Re: [GENERAL] workaround for lack of REPLACE() function

From: Joe Conway <mail(at)joeconway(dot)com>
To: PostgreSQL Hackers List <pgsql-hackers(at)postgresql(dot)org>
Cc: Thomas Lockhart <lockhart(at)fourpalms(dot)org>, Tom Lane <tgl(at)sss(dot)pgh(dot)pa(dot)us>
Subject: Re: [GENERAL] workaround for lack of REPLACE() function
Date: 2002-08-10 05:04:24
Message-ID: 3D549ED8.40102@joeconway.com
Views: Raw Message | Whole Thread | Download mbox | Resend email
Thread:
Lists: pgsql-general pgsql-hackers pgsql-patches

Joe Conway wrote:
> more work than I had time for when I wrote the current replace().
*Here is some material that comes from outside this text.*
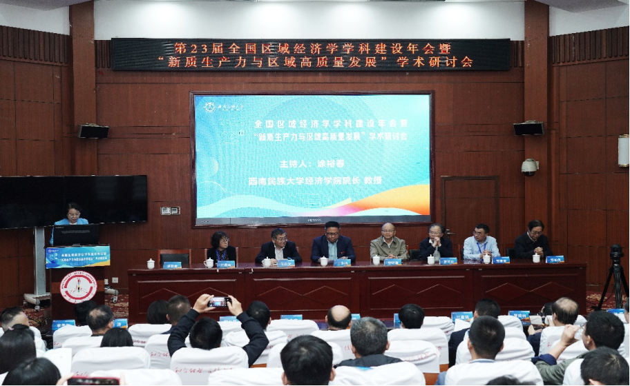 近日,全国区域经济学团队建设年会暨“新质生产力与区域高质量发展”学术研讨会举办,来自太阳成集团tyc官网、南开大学、兰州大学、暨南大学、哈尔滨工业大学、西南民族大学等高校和研究机构60余家单位的百余名专家学者参加本次学术研讨会。西南民族大学党委副书记、董事长王永强和太阳成集团tyc教授孙久文分别作开幕式致辞,公司教授张可云、席强敏、文余源参加会议并作发言。
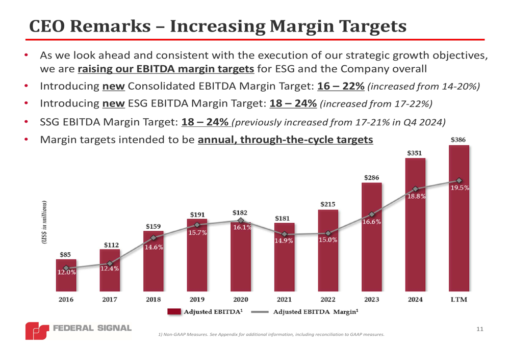 In addition to the near-term outlook, Federal Signal also raised its long-term margin targets. The company increased its consolidated EBITDA margin target to 16-22% (from 14-20%) and its ESG EBITDA margin target to 18-24% (from 17-22%), while maintaining the SSG EBITDA margin target at 18-24%.

But as
> I said, if there is support for getting this into the backend, I'll add
> it to my todo list:
>
> - Create new backend function replace()
> - Either create new backend functions, or merge into existing functions:
> to_hex() and extract_tok()
>

I'm just starting to take a look at this again. While studying the
current text_substr() function I found two behaviors which conflict with
specific SQL92/SQL99 requirements, and one bug. First the spec
compliance -- SQL92 section 6.7/SQL99 section 6.18 say:

If <character substring function> is specified, then:
a) Let C be the value of the <character value expression>, let LC be the
length of C, and let S be the value of the <start position>.
b) If <string length> is specified, then let L be the value of <string
length> and let E be S+L. Otherwise, let E be the larger of LC + 1
and S.
c) If either C, S, or L is the null value, then the result of the
<character substring function> is the null value.
d) If E is less than S, then an exception condition is raised: data
exception-substring error.
e) Case:
i) If S is greater than LC or if E is less than 1, then the result of
the <character substring function> is a zero-length string.
ii) Otherwise,
1) Let SI be the larger of S and 1. Let El be the smaller of E and
LC+l. Let Ll be El-Sl.
2) The result of the <character substring function> is a character
string containing the Ll characters of C starting at character
number Sl in the same order that the characters appear in C.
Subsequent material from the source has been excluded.